Computational Science
Computation has taken a place
with experiment and theory as a mode of doing science. More powerful computers,
better software and electronic data repositories all broaden the access to
computational science. Individuals do not need to be expert programmers,
mathematicians or computer scientists to engage in computational science any
longer. However, they do need to become skilled and intelligent “users” to make
effective use of computational tools. Scientific research seeks to extend the
frontiers of knowledge, so computational science entails the development of new
models, new ways of analyzing models and data, and new ways of interpreting the
output from computations. The capability of the computational tools themselves
also become increasingly important as an enabler of science at the deepest
levels.
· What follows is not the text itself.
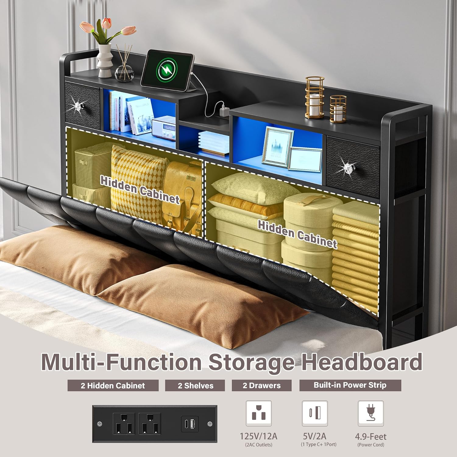 Queen Bed Frame with Hidden Storage Headboard & 4

In many research areas, it is impossible to write down equations or
laws from which predictions can be derived analytically. A few examples
illustrate this point
Scientific progress depends on
our ability to construct computer models of the processes we study and the
effectiveness of computational methods to extract information from these
models. Evaluation of the science requires an understanding of modeling
approximations and computational accuracy, and comparison of computational
output with empirical data.
An essential part of
computational science is extension of the technology it employs. This
technology includes the mathematical foundations of algorithms, the programming
languages in which models are implemented and the operating systems of the
computers. Parallel computers having complex memory hierarchies dominate high
performance computing and multi-core chips are now bringing parallel
computation to the desktop. Achieving computational efficiency on these
machines is a technical challenge that influences the science that will be
accomplished. The creation of high quality software for the solution of
numerical problems remains a difficult challenge. Everywhere we seek to push
the frontiers of scientific computation, we discover new limitations of current
methods. Thus computational science requires a spectrum of activities that includes algorithmic
research, software development, modeling, data collection and curation of data
repositories in addition to computing itself. This set of activities is not
aligned with the traditional departmental organization of universities and is
hardly represented in the curricula that we offer students. Essential aspects
of computational science need established academic homes if they are to become
important part of the educational system. Computational science within the
disciplines requires both new facilities and new research organizations that go
beyond individual faculty members working with a few students and postdoctoral
fellows. While individual investigator groups remain fundamental units for
conducting scientific research, large organizations are needed to create
federated data archives of high quality that are rapidly becoming essential
scientific resources.
Large supercomputer centers were
established twenty years ago to provide resources for computational science
when the cost of computers was thousands of times higher than it is today. The
technical staff of these centers include a substantial group of professional
computational scientists who provide services to “users” but do not engage in
scientific research themselves. Centers continue to provide direct support for
the most demanding applications, but much of the work that once required a
supercomputer and technical help in using those computers is easily done at the
desktop today. High performance computing centers are adapting to the
remarkable power of desktop computing and the communications capability of
networks. The 2003 NSF Report, Revolutionizing Science and Engineering through
Cyber-infrastructure, (http://www.communitytechnology.org/nsf_ci_report/) presents a vision in which centers assume increasing responsibility for
services that support collaborations across entire research areas in addition
to services to individual users. The development of cyberinfrastructure requires new
types of organizations within scientific communities, creation of new research
areas that are oriented toward technology, shifts in disciplinary boundaries
and new modes of interactions among disciplines. The payoff for this change and
added complexity is a qualitative change in our ability to study scientific
problems of pressing social and economic importance.
Our
educational system has responded slowly to the demands of computational
science. The 2005 report Computational Science: Ensuring America’s
Competitiveness in June, 2005 (http://www.nitrd.gov/pitac/) of the President’s Information
Technology Advisory Committee (PITAC) calls for new structures, programs and
institutional incentives to train computational scientists. No discipline has taken primary
responsibility for computational science education, and much of the evolution
of computational science technologies has taken place outside the mainstream of
our academic programs. Apart from the centers described above, universities
have been largely users rather than
developers of computational science. The focus has been on application of
existing methods to solve scientific problems more than on expansion of the
suite of available methods. Moreover, mainstream educational programs offer few
opportunities to develop expertise in computational science methodologies. This
situation is a danger to US economic competitiveness. The importance of
computational science technology to industry is hard to overstate. Computation
gives companies advantages in how they design and build their products.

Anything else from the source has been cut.